Voltage transient protectors that are fast enough for nuclear EMP are made by Transtector and SOLA. These will only block the EMP coming in on the power line, but this is the most important part of the pulse. Voltage spikes coming in from the main power lines from a nuclear EMP would range from many thousands to a million volts or more. In addition, if you live in a lightning-prone area, then lightning-induced power line spikes are likely to destroy unprotected generator electronics sometime within the normal lifetime of your generator. There is always good transient protection built into the generator electronics, but that "good" transient protection is nearly always inadequate, even under normal conditions.
The excellent EMP power line transient suppressors by Transtector have gotten very expensive in recent years. Most Transtector transient suppressors are now more than a thousand dollars each. SOLA makes good transient protectors for half the price of the Transtector units. The SOLA model STV 100K-10S is an excellent unit made for the 120/240-volt systems that are the most common for U.S. residential use. It costs around $570. This model will also work on residential systems in many other countries. It will have to be wired in by an electrician.
Ideally, in addition to the power line input side of the transfer switch, there should also be one on the load side (the output going to your house).
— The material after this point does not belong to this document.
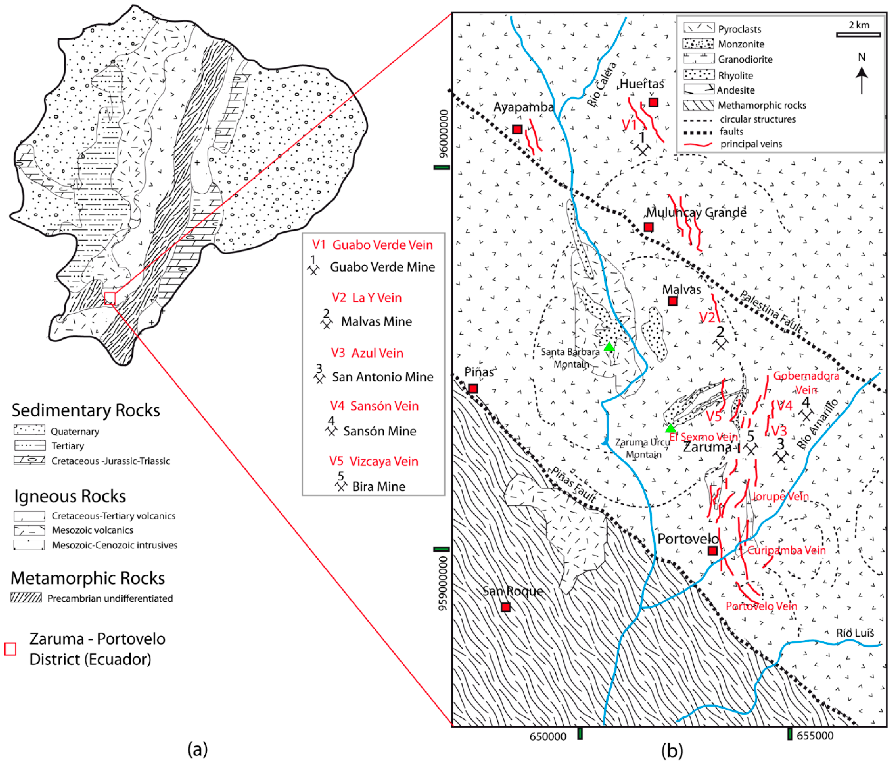 (a) Simplified geological map of Ecuador and location of selected area; and (b) geological maps of Zaruma-Portovelo gold field with basic geology (volcanic and intrusive rocks), principal structures and more important veins. Modified from [38] with data from [39,40,41,42].

This one is less important that the power line side transient suppressor. I've been looking for a good place for readers of this page to buy the SOLA or Transtector units, but for now, you will either have to look around on the web, or ask your electrician if he is able to purchase it.
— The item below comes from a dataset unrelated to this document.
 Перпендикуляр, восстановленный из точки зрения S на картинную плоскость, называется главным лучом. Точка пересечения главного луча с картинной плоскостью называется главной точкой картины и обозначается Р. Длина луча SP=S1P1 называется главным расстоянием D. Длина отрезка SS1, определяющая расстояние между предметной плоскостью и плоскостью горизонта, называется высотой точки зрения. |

In addition to voltage transient protection for your generator, especially if you have a whole-house stationary generator, it is important to have transient protection for the critical and more sensitive electrical and electronic items in your house. Every time that your transfer switch switches the power either to the generator or back to the main power, it will create a voltage spike in your entire house. Put at least an inexpensive consumer-type "surge suppressor" on every piece of important electrical device in your home. Inexpensive surge suppressors have gotten much better in the past few years, and every one of them that you use will eventually pay for its cost. (You won't realize that the surge suppressors are paying for themselves because you won't know about the electronics that you would have been replacing due to premature failure.) Try to get an outlet surge protector that is rated at at least 3000 joules, but any surge suppressor is better than nothing. Even the electrical outlets that you use for charging things like laptop computers and cell phones should have a surge suppressor.